ACTION ITEM » Nothing but the lines from the one containing "Набор для лица" through the one containing "Xử trí: Trong", both included, should be given again, each exactly as written below.
= = = = = = =
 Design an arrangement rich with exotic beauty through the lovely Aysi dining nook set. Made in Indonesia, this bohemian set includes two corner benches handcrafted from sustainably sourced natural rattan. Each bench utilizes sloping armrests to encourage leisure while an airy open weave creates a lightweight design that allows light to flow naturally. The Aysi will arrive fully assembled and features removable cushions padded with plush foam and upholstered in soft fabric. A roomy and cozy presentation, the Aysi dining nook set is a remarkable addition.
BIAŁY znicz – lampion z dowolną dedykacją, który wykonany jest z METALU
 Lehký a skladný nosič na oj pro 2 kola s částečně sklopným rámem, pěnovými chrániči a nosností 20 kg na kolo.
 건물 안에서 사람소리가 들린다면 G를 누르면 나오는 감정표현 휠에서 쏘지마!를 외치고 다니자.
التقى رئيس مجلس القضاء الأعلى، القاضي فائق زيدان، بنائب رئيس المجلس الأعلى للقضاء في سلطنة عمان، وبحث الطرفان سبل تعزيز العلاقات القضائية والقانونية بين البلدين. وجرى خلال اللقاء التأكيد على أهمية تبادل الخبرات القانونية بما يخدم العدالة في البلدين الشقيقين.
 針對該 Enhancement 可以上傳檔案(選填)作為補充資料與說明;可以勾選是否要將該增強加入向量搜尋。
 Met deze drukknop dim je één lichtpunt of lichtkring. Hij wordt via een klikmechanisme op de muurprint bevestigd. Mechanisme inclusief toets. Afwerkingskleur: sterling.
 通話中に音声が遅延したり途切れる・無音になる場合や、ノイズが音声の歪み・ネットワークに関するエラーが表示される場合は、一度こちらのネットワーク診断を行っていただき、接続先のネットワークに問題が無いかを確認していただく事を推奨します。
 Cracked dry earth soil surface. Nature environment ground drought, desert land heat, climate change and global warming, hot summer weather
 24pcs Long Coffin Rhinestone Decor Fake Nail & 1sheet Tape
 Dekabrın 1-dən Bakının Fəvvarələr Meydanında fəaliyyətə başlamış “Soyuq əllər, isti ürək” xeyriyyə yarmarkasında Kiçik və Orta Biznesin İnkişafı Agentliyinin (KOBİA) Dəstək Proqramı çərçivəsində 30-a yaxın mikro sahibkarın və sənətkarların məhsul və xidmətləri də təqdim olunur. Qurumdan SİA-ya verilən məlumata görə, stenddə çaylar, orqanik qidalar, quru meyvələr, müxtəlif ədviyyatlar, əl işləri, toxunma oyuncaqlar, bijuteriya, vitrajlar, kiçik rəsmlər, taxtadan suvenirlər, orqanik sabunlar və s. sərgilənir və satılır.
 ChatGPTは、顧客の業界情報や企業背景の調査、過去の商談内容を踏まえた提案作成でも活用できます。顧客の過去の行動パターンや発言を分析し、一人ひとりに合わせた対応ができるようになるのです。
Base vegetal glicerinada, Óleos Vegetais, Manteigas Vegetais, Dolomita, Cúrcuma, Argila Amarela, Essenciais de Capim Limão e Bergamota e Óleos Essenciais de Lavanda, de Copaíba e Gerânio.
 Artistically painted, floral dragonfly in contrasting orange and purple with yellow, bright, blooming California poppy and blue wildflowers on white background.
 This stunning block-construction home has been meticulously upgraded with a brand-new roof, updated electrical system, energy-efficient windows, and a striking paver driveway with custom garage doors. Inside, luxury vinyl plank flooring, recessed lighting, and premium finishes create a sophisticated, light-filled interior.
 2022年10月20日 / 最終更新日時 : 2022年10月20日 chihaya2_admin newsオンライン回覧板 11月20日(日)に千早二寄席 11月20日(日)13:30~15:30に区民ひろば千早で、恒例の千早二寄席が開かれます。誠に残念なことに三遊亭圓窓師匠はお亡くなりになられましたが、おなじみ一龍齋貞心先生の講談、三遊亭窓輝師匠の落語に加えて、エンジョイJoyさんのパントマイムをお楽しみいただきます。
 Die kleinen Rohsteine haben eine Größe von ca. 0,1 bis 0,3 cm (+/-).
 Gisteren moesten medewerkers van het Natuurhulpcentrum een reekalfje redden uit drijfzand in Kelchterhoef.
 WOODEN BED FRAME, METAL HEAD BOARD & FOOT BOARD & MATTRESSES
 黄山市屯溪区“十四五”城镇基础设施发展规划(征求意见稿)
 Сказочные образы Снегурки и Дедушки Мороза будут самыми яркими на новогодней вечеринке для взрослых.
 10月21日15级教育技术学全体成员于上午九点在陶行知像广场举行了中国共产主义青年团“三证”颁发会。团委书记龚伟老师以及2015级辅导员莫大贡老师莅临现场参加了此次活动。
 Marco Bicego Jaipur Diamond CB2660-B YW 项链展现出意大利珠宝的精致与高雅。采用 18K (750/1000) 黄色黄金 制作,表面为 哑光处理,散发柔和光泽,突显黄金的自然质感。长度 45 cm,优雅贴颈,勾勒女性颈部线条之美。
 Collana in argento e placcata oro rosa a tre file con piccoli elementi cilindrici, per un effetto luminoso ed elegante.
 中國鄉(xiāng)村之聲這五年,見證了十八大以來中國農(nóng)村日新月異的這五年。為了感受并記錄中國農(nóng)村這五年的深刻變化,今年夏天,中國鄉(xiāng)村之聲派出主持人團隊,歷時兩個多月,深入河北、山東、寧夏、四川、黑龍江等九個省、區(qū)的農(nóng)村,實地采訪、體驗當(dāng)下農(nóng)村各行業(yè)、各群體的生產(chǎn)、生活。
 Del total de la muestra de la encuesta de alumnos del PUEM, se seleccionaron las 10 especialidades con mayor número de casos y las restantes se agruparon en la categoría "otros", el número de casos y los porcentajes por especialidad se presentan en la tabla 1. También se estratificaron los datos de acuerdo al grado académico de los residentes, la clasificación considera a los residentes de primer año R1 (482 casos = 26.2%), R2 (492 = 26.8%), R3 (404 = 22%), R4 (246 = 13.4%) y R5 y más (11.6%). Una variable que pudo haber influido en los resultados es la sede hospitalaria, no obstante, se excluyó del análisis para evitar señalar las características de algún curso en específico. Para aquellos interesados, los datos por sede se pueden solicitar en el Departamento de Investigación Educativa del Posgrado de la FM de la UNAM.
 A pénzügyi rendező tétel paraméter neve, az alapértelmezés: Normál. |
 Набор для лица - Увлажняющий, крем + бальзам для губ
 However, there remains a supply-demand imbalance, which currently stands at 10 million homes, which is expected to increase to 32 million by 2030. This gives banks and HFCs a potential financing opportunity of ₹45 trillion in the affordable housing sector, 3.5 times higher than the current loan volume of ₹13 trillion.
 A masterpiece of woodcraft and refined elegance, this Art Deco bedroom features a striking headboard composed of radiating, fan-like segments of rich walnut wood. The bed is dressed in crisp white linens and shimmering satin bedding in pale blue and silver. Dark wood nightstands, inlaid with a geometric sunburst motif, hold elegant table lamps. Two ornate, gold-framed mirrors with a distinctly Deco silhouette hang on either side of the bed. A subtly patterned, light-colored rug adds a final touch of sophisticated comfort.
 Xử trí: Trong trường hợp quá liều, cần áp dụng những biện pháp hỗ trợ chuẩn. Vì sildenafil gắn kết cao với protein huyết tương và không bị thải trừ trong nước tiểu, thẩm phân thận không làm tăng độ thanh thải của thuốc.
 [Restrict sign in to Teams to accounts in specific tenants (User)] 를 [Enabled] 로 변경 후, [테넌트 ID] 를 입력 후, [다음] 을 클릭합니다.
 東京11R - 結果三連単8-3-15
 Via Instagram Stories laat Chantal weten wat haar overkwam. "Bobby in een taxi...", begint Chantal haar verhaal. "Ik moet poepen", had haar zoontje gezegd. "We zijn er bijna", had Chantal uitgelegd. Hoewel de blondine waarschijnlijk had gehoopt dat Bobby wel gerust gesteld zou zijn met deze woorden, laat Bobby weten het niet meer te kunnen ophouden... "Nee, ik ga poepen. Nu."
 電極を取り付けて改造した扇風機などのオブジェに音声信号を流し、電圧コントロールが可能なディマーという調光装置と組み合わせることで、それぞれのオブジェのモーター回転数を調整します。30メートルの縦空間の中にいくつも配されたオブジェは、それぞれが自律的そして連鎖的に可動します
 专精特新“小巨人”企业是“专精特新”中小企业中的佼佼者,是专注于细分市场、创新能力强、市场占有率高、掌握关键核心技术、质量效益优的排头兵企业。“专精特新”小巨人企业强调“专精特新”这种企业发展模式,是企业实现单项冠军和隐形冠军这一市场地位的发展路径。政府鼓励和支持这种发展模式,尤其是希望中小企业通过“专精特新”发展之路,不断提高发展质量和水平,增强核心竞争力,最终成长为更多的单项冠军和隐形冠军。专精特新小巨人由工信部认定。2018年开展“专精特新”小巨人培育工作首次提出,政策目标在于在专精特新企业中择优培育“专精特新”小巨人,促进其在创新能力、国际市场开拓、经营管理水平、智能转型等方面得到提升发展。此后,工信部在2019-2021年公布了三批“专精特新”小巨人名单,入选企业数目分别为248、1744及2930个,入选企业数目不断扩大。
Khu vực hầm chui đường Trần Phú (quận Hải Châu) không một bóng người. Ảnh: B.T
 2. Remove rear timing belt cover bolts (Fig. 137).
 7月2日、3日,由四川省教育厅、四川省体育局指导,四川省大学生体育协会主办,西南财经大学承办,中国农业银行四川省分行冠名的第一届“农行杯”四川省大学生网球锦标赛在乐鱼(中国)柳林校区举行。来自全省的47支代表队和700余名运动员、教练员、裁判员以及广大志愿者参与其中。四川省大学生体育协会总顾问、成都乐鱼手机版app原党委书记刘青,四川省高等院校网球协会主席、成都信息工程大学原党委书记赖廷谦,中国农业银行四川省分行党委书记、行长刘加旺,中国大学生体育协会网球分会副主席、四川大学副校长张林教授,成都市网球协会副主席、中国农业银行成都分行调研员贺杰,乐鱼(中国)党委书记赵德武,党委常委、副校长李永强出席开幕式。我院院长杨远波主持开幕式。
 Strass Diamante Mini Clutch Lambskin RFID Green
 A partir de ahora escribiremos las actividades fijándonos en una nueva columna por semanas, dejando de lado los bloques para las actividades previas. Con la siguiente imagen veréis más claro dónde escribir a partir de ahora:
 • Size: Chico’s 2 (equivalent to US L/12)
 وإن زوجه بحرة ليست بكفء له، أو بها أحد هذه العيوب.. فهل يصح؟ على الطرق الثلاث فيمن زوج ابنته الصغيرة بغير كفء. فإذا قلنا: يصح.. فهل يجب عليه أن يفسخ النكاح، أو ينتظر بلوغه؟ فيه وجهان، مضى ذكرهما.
= = = = = = =
ANSWER FOR THIS EXERCISE »
 Набор для лица - Увлажняющий, крем + бальзам для губ
 However, there remains a supply-demand imbalance, which currently stands at 10 million homes, which is expected to increase to 32 million by 2030. This gives banks and HFCs a potential financing opportunity of ₹45 trillion in the affordable housing sector, 3.5 times higher than the current loan volume of ₹13 trillion.
 A masterpiece of woodcraft and refined elegance, this Art Deco bedroom features a striking headboard composed of radiating, fan-like segments of rich walnut wood. The bed is dressed in crisp white linens and shimmering satin bedding in pale blue and silver. Dark wood nightstands, inlaid with a geometric sunburst motif, hold elegant table lamps. Two ornate, gold-framed mirrors with a distinctly Deco silhouette hang on either side of the bed. A subtly patterned, light-colored rug adds a final touch of sophisticated comfort.
 Xử trí: Trong trường hợp quá liều, cần áp dụng những biện pháp hỗ trợ chuẩn. Vì sildenafil gắn kết cao với protein huyết tương và không bị thải trừ trong nước tiểu, thẩm phân thận không làm tăng độ thanh thải của thuốc.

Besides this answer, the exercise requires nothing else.